My grandmother has diabetes. high blood pressure, hypothyroidism, seemingly anxiety as well, and is as old as the hills, so she came an hour after park opening after the rest of the party was there (except someone to help her). We explained the situation when she got in the park, and they were 100% okay with adding her to the group/giving her a Rise Fastpass (effectively what they give people for breakdowns). They just don't want the entire party afterward.
This system prevents abuse, prioritizing high-paying hotel guests, huge queues, and an ops disaster.
Only on Christmas week crowded days will you risk not getting a boarding group if you are in the park by rope drop, and it's not stressful since they let people in ahead of time.
You can't change people's opinions on something, it's theirs.
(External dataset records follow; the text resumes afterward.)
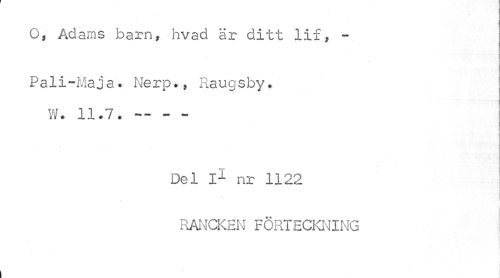 //// O, Adams barn, hvad är ditt lif, - //// Pali-Maja. Nerp., Raugsby. W. 11.7. --- //// Del I1 nr 1122 //// * //// RANCKEN FÖRTECKNING ////
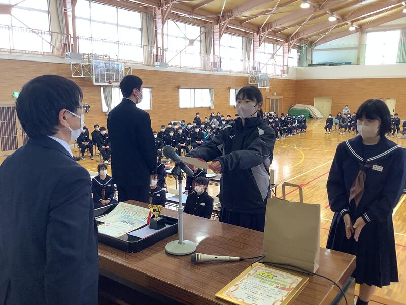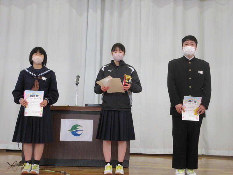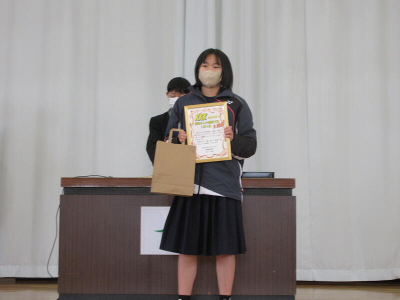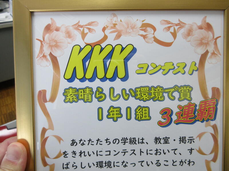 また、環境委員会主催のKKKコンテストの表彰も行い、今回も「すばらしい環境で賞」は、1年1組でした。おめでとうございます。ちなみに1年1組は3連覇です。環境委員長の宍戸さんから、賞状と景品が手渡されました。
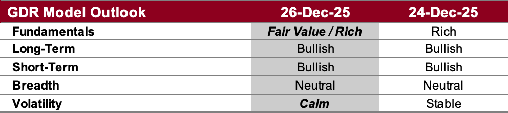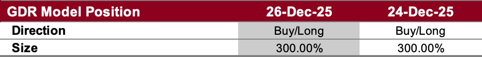 Fundamentals Outlook (as of 24 Dec 2025): Fair Value/Rich. The model has adjusted valuations slightly upward following the release of new data. Going forward GDR Model positioning should tactically tilt a little more towards the long side, all else equal. Note that this is just a barometer to help guide longer-term decision-making rather than short-term market timing.
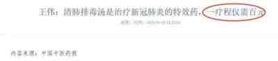 2020年,王伟院士宣布清肺排毒汤是治疗新冠肺炎的特效药,一个疗程仅需百元。
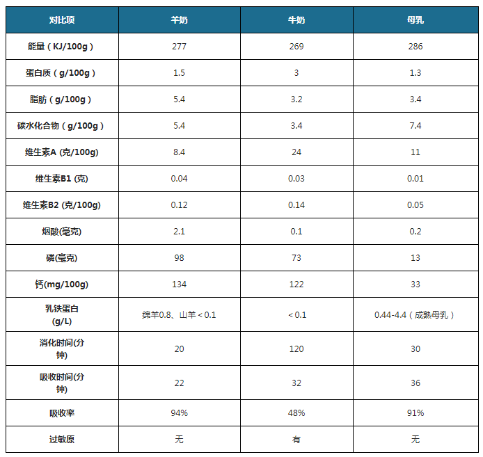 ▲羊奶和牛奶的營(yíng)養(yǎng)數(shù)據(jù)對(duì)比,圖片來(lái)自于網(wǎng)絡(luò)
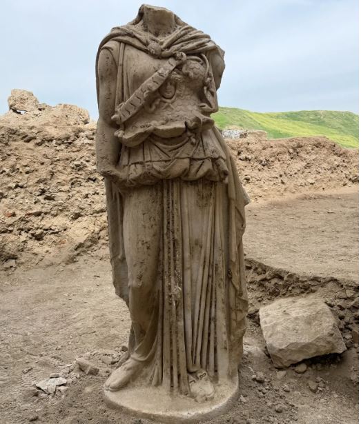 Laodikeia Antik Kenti’nde yürütülen kazı ve restorasyon çalışmaları kapsamında, Batı Tiyatrosu sahne binasında 2 metre uzunluğunda beyaz mermer Athena heykeli gün yüzüne çıkarıldı.
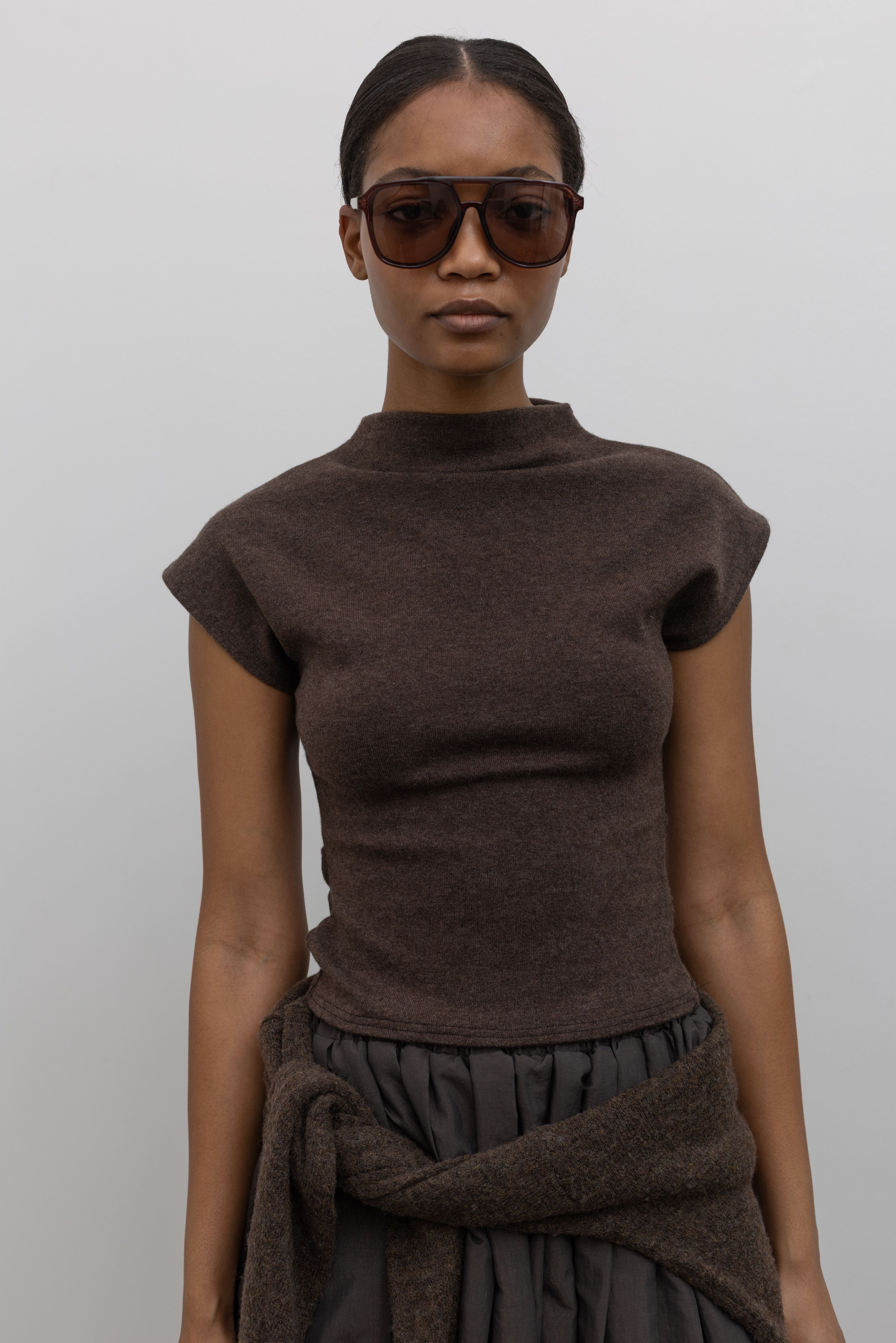 Brown Wool Tencel Crewneck Top
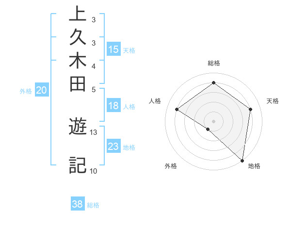 上久木田 遊記さんを姓名の画数から五運を鑑定

If I tell you not to think of apples, you can think of apples as you please. You can, however, use objective evidence to logically argue (I don't like the word
argue because it allows contrary arguments to be unfairly legitimized, or that the point of an argument is to
win) for something. If you understand how things work, you can get things done and you make good choices, that's how the best CEOs run things. However, that doesn't mean it's all opinions. If the goal was to have control over ride ops, then this system objectively works better than all the others they have used and has been beneficial to them so far. That's their main goal, and due to that, the benefits allow access without unfairly helping/targeting any
impactful group, and letting the people who really want to ride it while still being able to enjoy the park. It also works better for most people regardless of their opinion that Fastpass+ would fix everything.
This entire thing is
temporary as the ride is again, not able to maintain uptime. They don't want 10 hour waits as hagrid's had, and they don't want Fastpasses to blow up the queue times and take people from enjoying the rest of the park. It's a no brainer.